Vitamin C and DTT bound in the active site of SARS CoV-2 3CLpro. (a) The 3CLpro dimer in the asymmetric unit of the orthorhombic crystals soaked with L-ascorbate. Polder difference electron density (Liebschner et al., 2017) in the active sites is shown in green (contour: 2.5 sigma). (b) The L-ascorbate (ASC) in subunit B. The ASC interacts with the catalytic Cys-145 and is stabilized by a hydrogen bond to His-163. A trifluoroethanol (FTE) is located close to the ASC. (c) Dithiothreitol (DTT) is observed in monoclinic (C2) crystal form. It does not bind to Cys-41. It rather binds to His-41 forming a sulfenamide. Difference electron density maps shown in (a) - (c) are obtained after refining the 3CLpro without the addition of ligand. The ascorbate and DTT explain the additional electron density.
A compound called 13b is a potent 3CLpro inhibitor. The researchers compared the position of this compound to that of ascorbate in the active site of 3CLpro.
A search in the protein data bank for ascorbate gave 40 structures that have a bound ascorbate, none of which are viral proteins. “To our knowledge, this is the first structure of a viral protein with ascorbate bound in the active site,” writes the authors. The binding of vitamin C to 3CLpro could be a possible mechanism why it could be useful for treating SARS-CoV-2 infection.
Proteases similar to the SARS-CoV-2 3CLpro can also be found in other viruses, such as picornaviruses, which cause diseases like polio and the common cold. Vitamin C could likely also help in treating other viral diseases.

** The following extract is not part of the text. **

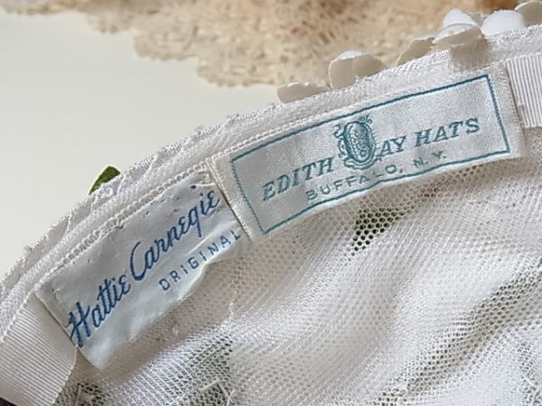 HATTIE CARNEGIEのオリジナルタグと、NY の帽子販売店のタグ.。

Structural comparisons. (a) Comparison of ligands in the active site of CoV-2 3CLpro. The position of the L-ascorbate molecule relative to compound 13b in 3CLpro as determined by Zhang et al., 2020. The positions of the C2’-oxygens is close to the two compound 13b oxygens O40 and O41 (marked), and the dihydroxyfuranone-ring of ASC coincides with the P1 moiety of compound 13b. The arrow points to a water molecule found in the structure of 3CLpro complexed with compound 13b. This position is occupied by the FTE oxygen. (b) Overlay of the N-terminal domain of CoV-2 3CLpro (blue ribbon, from residues 8 to 181) on the Hepatitis-C virus (HCV) serine protease (magenta ribbon). Active site residues are shown (orange for the 3CLpro, and green for the HCV protease). The active sites of both proteins are very similar. The positions of the catalytically active Cys145/Ser142 and His41/His60 are essentially identical. His163 in CoV-2 3CLpro is replaced by the structurally similar Phe157 in the HCV protease.

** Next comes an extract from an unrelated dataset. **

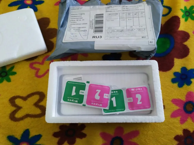 Упаковано хорошо, пришло всё в целости. На стекле уже были небольшие царапины, но при использовании они, в принципе, незаметны. Салфетки в комплекте не очень хорошо чистят поверхность телефона, остаются разводы. В целом, стекло неплохое. Правда, скорее всего, под стекло над камерой будет попадать пыль.

Vitamin C inhibits 3CLpro in vitro
The researchers also tested the activity of 3CLpro in vitro using an assay kit and by varying the ascorbate concentration. The test showed that ascorbate inhibits 3CLpro in the absence of trifluoroethanol, indicating ascorbate binding is independent of trifluoroethanol.
The half-maximal inhibitory concentration (IC50) of ascorbate is 38 mmol/L, much higher than those of other identified inhibitors. Viral load tests in cell cultures also showed ascorbate to be in the millimolar range. Studies have shown that up to 1.5 g of vitamin C per kg body mass can be given daily. It is possible that vitamin C inhibition of proteases or derivatives or direct binding to key residues such as Cys-145 could be a factor in treating COVID-19 and other viral diseases and could be a potential approach to new treatments.
bioRxiv publishes preliminary scientific reports that are not peer-reviewed and, therefore, should not be regarded as conclusive, guide clinical practice/health-related behavior, or treated as established information.